Now, I know that sounds really bad, but the point that Up with Chris Hayes panelist and senior Daily Beast writer Michelle Goldberg was trying to make about Ann Romney‘s Mother’s Day op-ed was actually rather innocuous, or at least self-consciously amorphous. Similarly, when host Chris Hayes compared Mrs. Romney’s mom-ifesto to a “hostage video,” he meant it in the nicest possible way.
Goldberg started out discussing the GOP’s attempt to revive the Hillary Rosen controversy, in which a Democratic strategist made a perfectly legitimate point, and then, in typical Democratic Party fashion, could not stop apologizing for it (she did so again this morning, on Meet The Press). She wondered if the degree to which Republicans have milked the story had turned Ann Romney from a neutral figure into an “insufferable” one.
As I’ve said before, that’s a moot point. Ann Romney is a political spouse, so even if she went around recommending cake to starving people, any whiff of an attack on her is always going to be a net loss. That’s too bad, because after years of Democrats trying to get people to understand that motherhood is political, Ann Romney is the flesh-and-blood embodiment of that concept. As the panel later pointed out, if there’s a “War on Mothers,” it’s in the form of deep-rooted resistance to government policies that might actually help those mothers who lack the privileges that Ann Romney (through no fault or vice of her own) enjoy.

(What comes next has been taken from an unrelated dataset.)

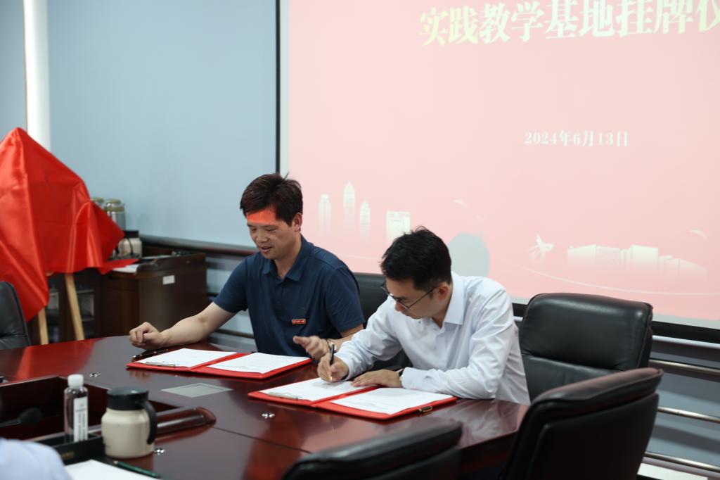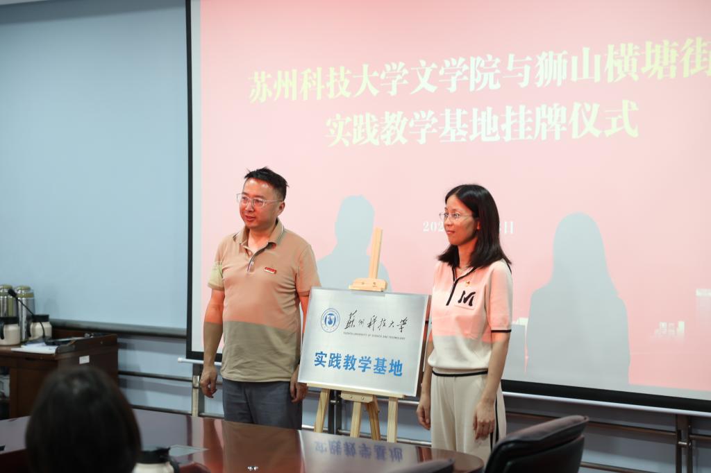 交流会后,孙虎副院长与狮山横塘街道办事处副主任魏春晓签订了实践教学基地协议。瞿晓庆副书记与狮山横塘街道党工委委员赵丽平共同为实践教学基地同揭牌。

Even if you found Ann Romney’s politicized glee at the faux outrage that the Rosen flap incited, even if you think she’s “insufferable,” hell, even if she is insufferable, you’ll always lose by saying it out loud. That’s because, legitimately, she has a right to be all of those things, and worse (or better), because she’s not running for office. Better to focus on the guy who is.

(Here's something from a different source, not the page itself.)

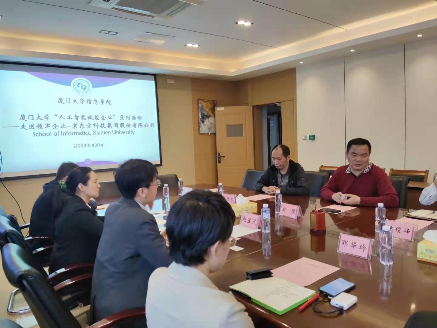 11月30日下午,信息学院“人工智能赋能企业”系列活动之走进领军企业京东方科技集团股份有限公司在厦门大学海韵校区行政楼C610会议室成功举办。京东方一行九人到访我院。我院党委书记刘弢、副院长姚俊峰教授、各系主任或副主任及其他教师代表参与了此次座谈。

So I had to force out a laugh when Goldberg described her unease with part of Ann Romney’s Three Seasons of Motherhood. “I found that phrase, the “crown of motherhood,” really kind of creepy,” she said, “not just because of its, like, somewhat you know — it’s kind of usually authoritarian societies that give out The Cross of Motherhood, awards for big families, Stalin did it, Hitler did it…”
It’s funny not just because you can hear millions of outraged heads exploding in advance, but because Michelle positions the Hitler thing as the second-most creepy thing about the phrase. She went on to say “It plays into this thing where we have this kind of compact in the United States where what we deny women in social support or status or economic security, we make up for in this sort of insipid, condescending praise.”

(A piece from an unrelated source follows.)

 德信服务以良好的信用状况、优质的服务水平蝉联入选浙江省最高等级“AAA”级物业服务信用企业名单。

That’s an excellent point, which Hayes compares to a similar disconnect between our individual reverence for “the troops,” and policies that don’t benefit them.
If nothing else, I learned something new today. The Nazis did, indeed, give out the Mother’s Cross of Honor, while Stalin’s Soviet Union had a whole series of Motherhood Glory medals that you can own for about $600. Who knew that those “World’s Greatest Mom” mugs were an extension of fascist totalitarianism?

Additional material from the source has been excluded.